The moistness is a bit of a worry to me, since I'm afraid that it might grow mold before I eat it all, which would be a shame since it appears to be getting better with time. The Italian prune plums are very small, so despite there being forty-eight plum quarters in the cake, they are mostly on the bottom and not as present as one might expect. In fact, if and when I try this cake again, I might use half again as many plums and only two-thirds as much batter. Or I might just go with prunes marinated in a little bit of some potent potable or other. Then again, I might just return to my excellent prune cake, whose name is so long that I can't remember it (I cannot bring myself to look it up, any more than I could be bothered to look up John Hess). So many choices, so little time: story of my culinary life.

Plum Coffeecake

12 prune plums
3/4 cup sugar, divided
1 cup whole wheat flour
1/2 cup whole rolled oats
1 1/2 cups toasted walnuts
1/2 t. salt
1 1/2 t. baking powder
1/4 pound butter, at room temperature
3 eggs
1 t. vanilla extract
3/4 cup milk


Preheat oven to 350 degrees.

Cut each plum into quarters, discarding the pits. Toss the plums with about half the sugar in a bowl and let them sit for fifteen minutes.

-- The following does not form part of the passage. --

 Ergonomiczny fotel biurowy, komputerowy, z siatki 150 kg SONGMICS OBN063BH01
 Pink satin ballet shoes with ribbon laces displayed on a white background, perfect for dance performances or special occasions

Put the flour and oats in a food processor and process until the oats are finely ground. Add the walnuts and pulse until the walnuts are finely chopped, but not ground.

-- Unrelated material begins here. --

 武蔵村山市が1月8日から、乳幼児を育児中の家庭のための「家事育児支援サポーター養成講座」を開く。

Put the flour mixture into your mixer bowl and add the remaining sugar, the baking powder, and the salt. With the whisk attachment, mix for two minutes. With the mixer running, add the butter a tablespoon at a time until it is well incorporated. Add the eggs, one at a time. Add the vanilla and milk. Whisk until smooth, scraping down the bowl if necessary.

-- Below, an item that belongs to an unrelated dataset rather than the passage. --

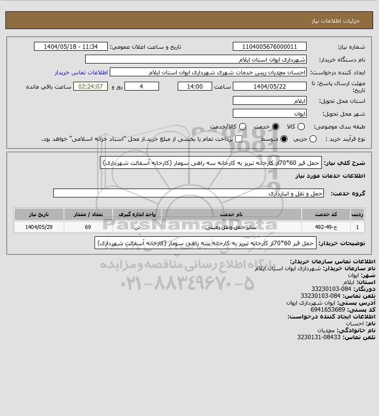 توضیحات خریدار:حمل قیر 60*70از کارخانه تبریز به کارخانه سه راهی سومار (کارخانه آسفالت شهرداری)
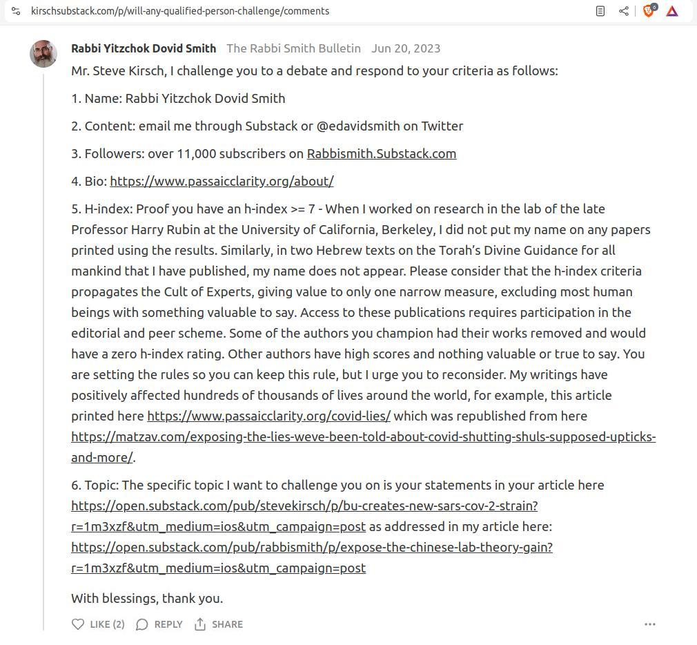 Here’s the reply to Kirsch’s challenge by Rabbi Yitzchok Dovid Smith, posted back in June 2023. That reply, offering to debate Kirsch on the virus paradigm, also remains unanswered by Koward Kirsch.

Pour the plums and sugar into the batter and fold in by hand. Turn into a prepared 8- or 9-inch springform pan. Bake for 45-50 minutes, or until a toothpick comes out clean. Remove from the oven and let sit for ten minutes, then remove the side of the springform pan and invert onto a rack. Remove the bottom of the springform pan and let cool completely. Serve with coffee, just so I won't be a liar. Well, about this, anyway.


What I'm calling prune plums are the small, dark purple plums that have a sort of white dust on the skin. They are shaped sort of like tiny brains, except that the skin is smooth where a brain would be wrinkled (I am trying really, really hard here to avoid saying that they're shaped like testicles, even though they really are). You could probably use any plum, but since most plums are larger, you might want to use fewer and/or cut them into more pieces.


As far as the glycemic index and all that goes, I didn't really follow up by calculating how this coffeecake stacks up against my other cakes. I think that this recipe ought to be more friendly to your blood sugar than one made with regular sugar and regular white flour, but how much friendlier is certainly an unresolved question.

2 Comments:

Anonymous redfox said...

Prune plums are really the perfect plums for baking, testiclish or nay.

5:32 PM  
Blogger Judith in Umbria said...

You are both right. Plums in general are susine in Italian, but the susina Stanley, that blue one, is also prugna.
I prefer some acid, but these work anytime you don't want sweet and sour elements. The season here in Italy is a blink of the eye.